*** Exercise data ***
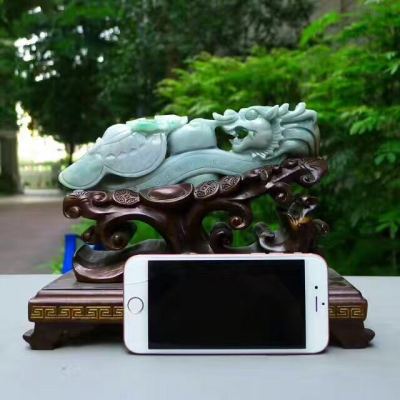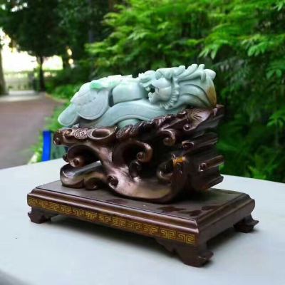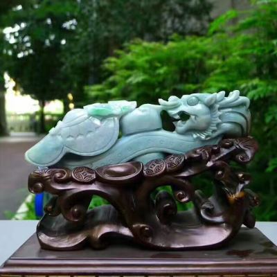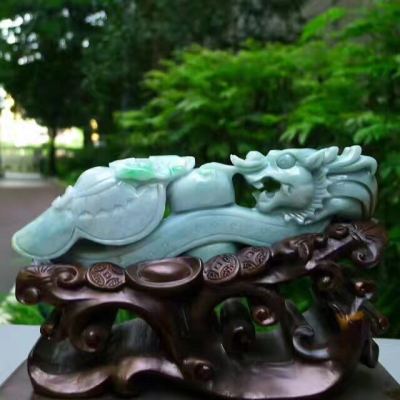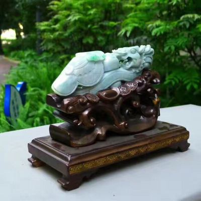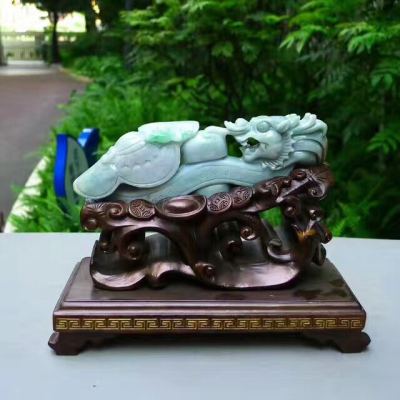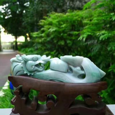 翡翠A货 老坑飘绿 龙腾盛世龙勾摆件
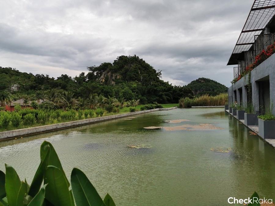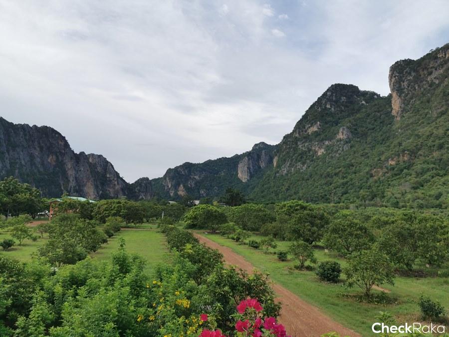หลังจากใช้เวลาชื่นชมถ้ำหุบป่าตาดและป่าดึกดำบรรพ์ด้านในอยู่พักใหญ่ ก็ได้เวลาสมควร ก่อนจะเย็นและวังเวงไปมากกว่านี้ เราออกมาแล้วขับอีูซูซุ ดีแมคซ์ ไปต่อกันที่วัดถ้ำทองที่อยู่ใกล้กันทางขึ้นค่อนข้างลาดชันแต่เทปูนเรียบร้อย แวะไหว้พระนอนในถ้ำ สงบจิตใจกันสักพักก่อนเดินทางไป อวตาร มิราเคิ่ล รีสอร์ต ที่พักของเราชาวคณะเช็คราคา.คอม แต่ก่อนถึงที่พักก็ได้แวะชมฝากั้นน้ำปางสวรรค์ที่อยู่ระหว่างทาง เราเห็นจากในภาพถ่ายในโซเชี่ยลดูสวยงามไม่น้อย แต่เอาจริงๆ การเดินลงไปถ่ายให้ได้ภาพแบบนั้นนับเป็นความยากลำบากอยู่พอสมควร และต้องระวังกับพื้นที่เต็มไปด้วยตะไคร่น้ำที่ลื่นมาก จุดนี้ใช้เวลาเก็บภาพถ่ายกันสักพักจนเริ่มมืด ก็ออกเดินทางไปที่พัก
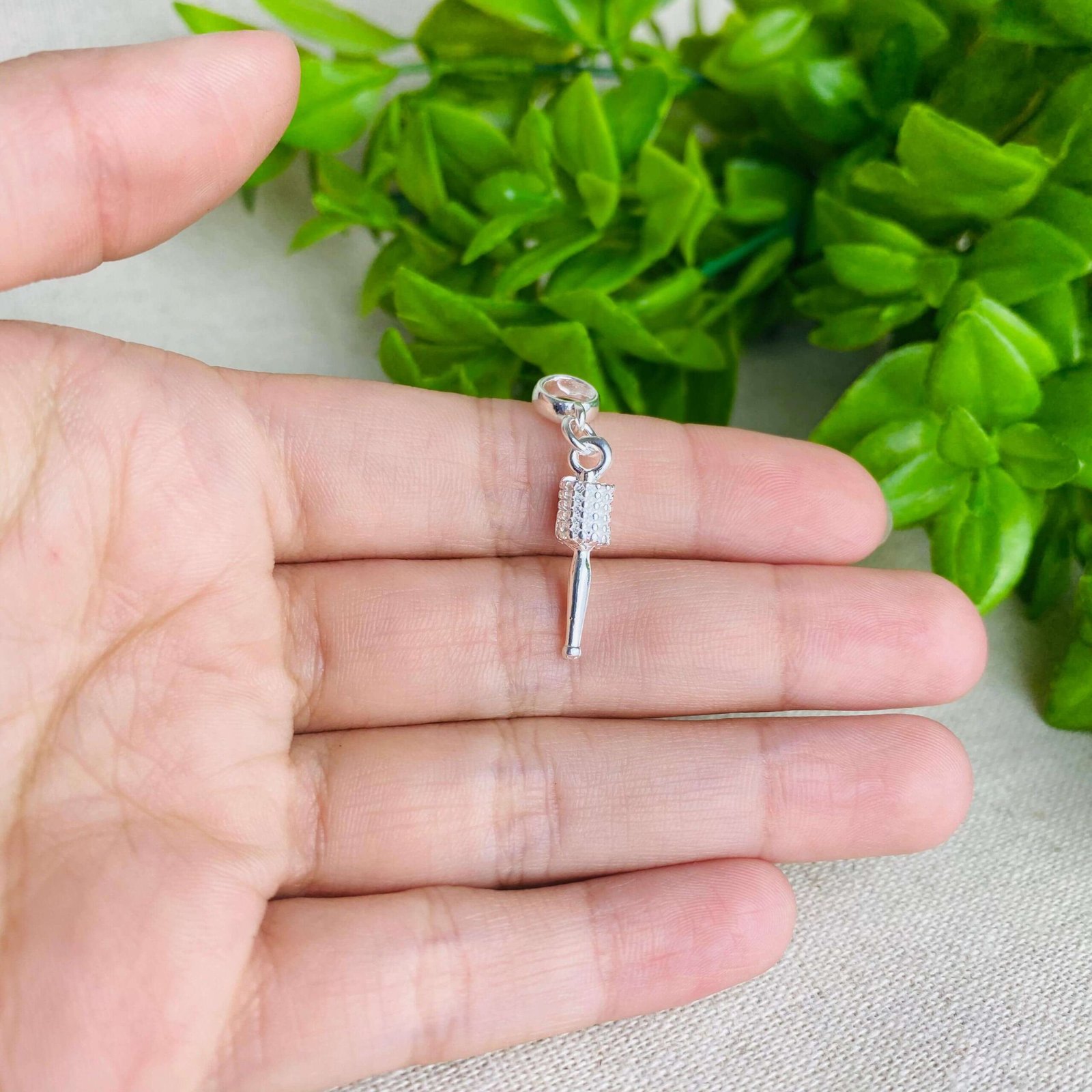 MODELO: Berloque de escova de cabelo banhado com 100 milésimos de prata 925.
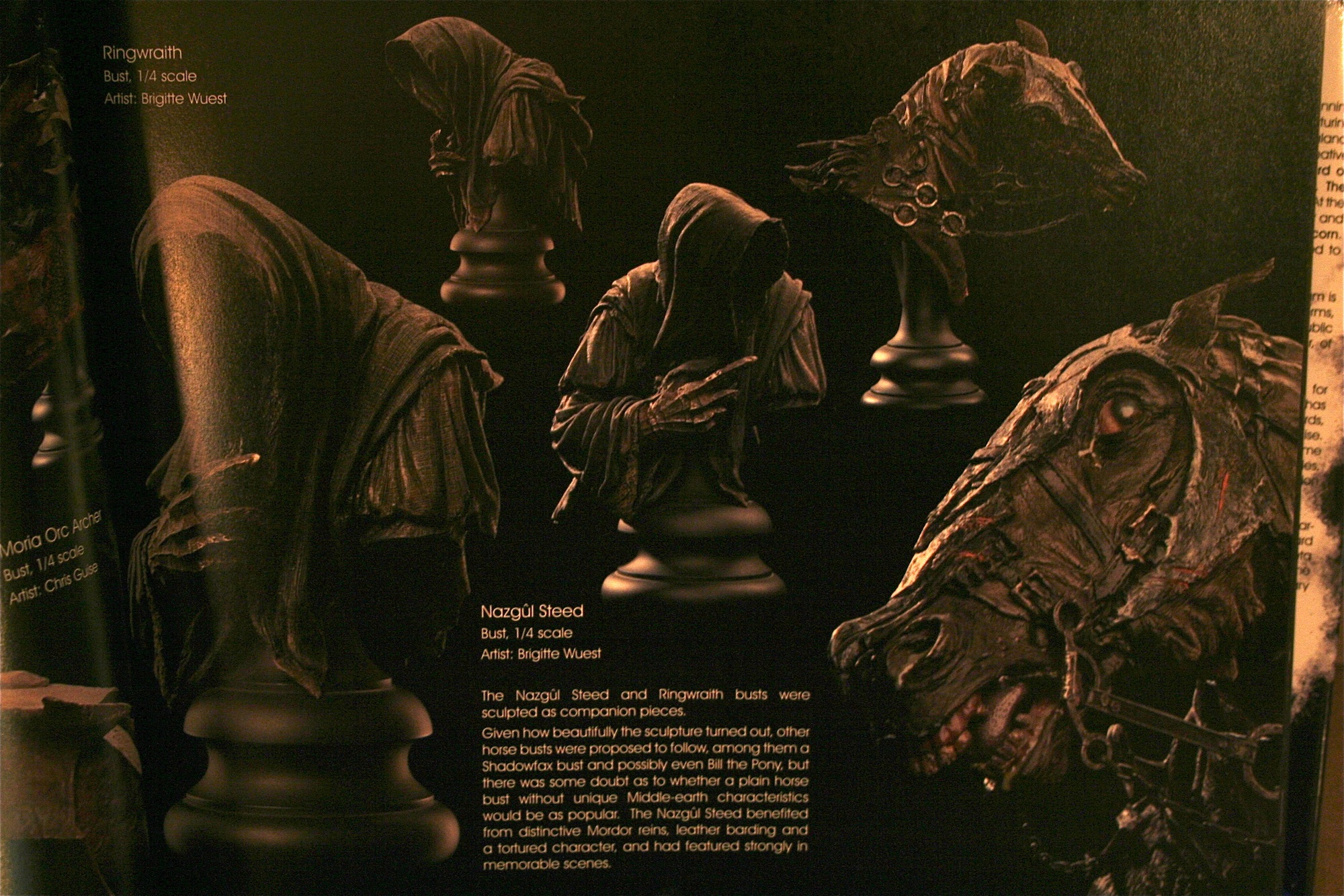 Statues are not the only items Weta made for The Lord of the Rings in order to bring the world of Middle-Earth to life. They would also make items like busts and environments, which allowed collectors to add their favorite characters from The Lord of the Rings from that art form. As was the case in the statue section we shown and told about changes to items or items that would never come to be. One change was to the Prince Isildur bust were the head was moved to give the bust a better angle to see the face. Two busts that would never come to be are the Lady Eowyn and the Warg busts both of which would have only added to the bust line of collectibles. The environment line of collectibles like the others had items we never saw like Zirak-Zigil, Hobbion Factory, and the Moria Cemetery. However, we do get a great look at many of the environments that were made along with some of the environments Weta is making now. As we’ve seen over the last year or so Weta has made The Argonath, Prancing Pony, Bag End, Rivendell, and the Orthanc Pre-Ruin (which is not in the book) so that line is still going strong from Weta.
***
What's needed is a word-for-word retyping of the listing, minus its pictures.

__Answer space__:
 翡翠A货 老坑飘绿 龙腾盛世龙勾摆件
หลังจากใช้เวลาชื่นชมถ้ำหุบป่าตาดและป่าดึกดำบรรพ์ด้านในอยู่พักใหญ่ ก็ได้เวลาสมควร ก่อนจะเย็นและวังเวงไปมากกว่านี้ เราออกมาแล้วขับอีูซูซุ ดีแมคซ์ ไปต่อกันที่วัดถ้ำทองที่อยู่ใกล้กันทางขึ้นค่อนข้างลาดชันแต่เทปูนเรียบร้อย แวะไหว้พระนอนในถ้ำ สงบจิตใจกันสักพักก่อนเดินทางไป อวตาร มิราเคิ่ล รีสอร์ต ที่พักของเราชาวคณะเช็คราคา.คอม แต่ก่อนถึงที่พักก็ได้แวะชมฝากั้นน้ำปางสวรรค์ที่อยู่ระหว่างทาง เราเห็นจากในภาพถ่ายในโซเชี่ยลดูสวยงามไม่น้อย แต่เอาจริงๆ การเดินลงไปถ่ายให้ได้ภาพแบบนั้นนับเป็นความยากลำบากอยู่พอสมควร และต้องระวังกับพื้นที่เต็มไปด้วยตะไคร่น้ำที่ลื่นมาก จุดนี้ใช้เวลาเก็บภาพถ่ายกันสักพักจนเริ่มมืด ก็ออกเดินทางไปที่พัก
 MODELO: Berloque de escova de cabelo banhado com 100 milésimos de prata 925.
 Statues are not the only items Weta made for The Lord of the Rings in order to bring the world of Middle-Earth to life. They would also make items like busts and environments, which allowed collectors to add their favorite characters from The Lord of the Rings from that art form. As was the case in the statue section we shown and told about changes to items or items that would never come to be. One change was to the Prince Isildur bust were the head was moved to give the bust a better angle to see the face. Two busts that would never come to be are the Lady Eowyn and the Warg busts both of which would have only added to the bust line of collectibles. The environment line of collectibles like the others had items we never saw like Zirak-Zigil, Hobbion Factory, and the Moria Cemetery. However, we do get a great look at many of the environments that were made along with some of the environments Weta is making now. As we’ve seen over the last year or so Weta has made The Argonath, Prancing Pony, Bag End, Rivendell, and the Orthanc Pre-Ruin (which is not in the book) so that line is still going strong from Weta.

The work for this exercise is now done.